Ander opened the door and said something they couldn’t understand. Kelsey said it sounded like a foreign language but she couldn’t be sure because she was so fucked up. Bryce ordered the man to speak English. When he didn’t, Bryce took Kelsey’s gun, which she’d stolen from her grandfather before driving south to pick up Bryce, and shot Ander in the forehead. They dragged his body into the herd of sheep thinking, she said, the sheep would eat it and destroy the evidence.
“You didn’t know sheep don’t eat meat?” Joe asked.
“How were we supposed to know that?” she said, rolling her eyes.
“I told you,” Pendergast interjected, “I ain’t no farmer.”
• • •
ANDER ESTI’S BLUE HEELER wouldn’t let Joe get close enough to put a sheet over the body. He looked back at his pickup and Daisy, who watched him through the passenger window.
He wondered if Daisy would stand guard over his own body if it came to it. He thought maybe she would.
• • •
WHEN JOE CAME BACK to the pickup, the adrenaline rush that had enveloped him was fading into anger and melancholy. Pendergast looked up, his face a mask of pain and shock. Before he could speak, before he could beg Joe for a hit from his pipe, Joe said:
“That man you killed for nothing was one of the last of his kind. Those kind of men don’t hardly exist anymore. As far as I know, he doesn’t have a single family member to mourn him—just a few ranchers who won’t be able to hire anyone to do what he did because no one will do it anymore. I didn’t really know him and I don’t know if anyone else did, either, except for his dog and his horse, and they aren’t saying.”
Pendergast whispered, “I don’t know what the fuck you’re talking about.”
“Of course you don’t,” Joe said. “You’re too thick and stupid. Men like Ander keep this world running. You never worked an honest day in your life and all you’ve ever cared about is your next high. You just take things, and you took that man’s life. You murdered a man who did nothing but work. He never hurt a single soul. There is probably a lot more to him that I’ll never know. But I won’t get the chance to find out.”

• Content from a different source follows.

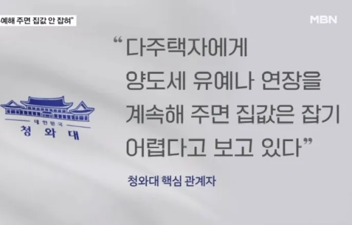 청와대 "양도세 유예해 주면 집값 안 잡혀"…대통령 발언 배경 주목

Pendergast looked away. He said, “I don’t have to listen to this shit.”
“No,” Joe said, “but if I somehow could trade his life for yours, I’d do it.”
As if choreographed, the still evening was broken by the chopping sound of the approaching helicopter and the grind of a sheriff’s department SUV on the ridge above Indian Paintbrush Basin.
The sheep ignored the disruption. They’d long before bowed their heads to eat.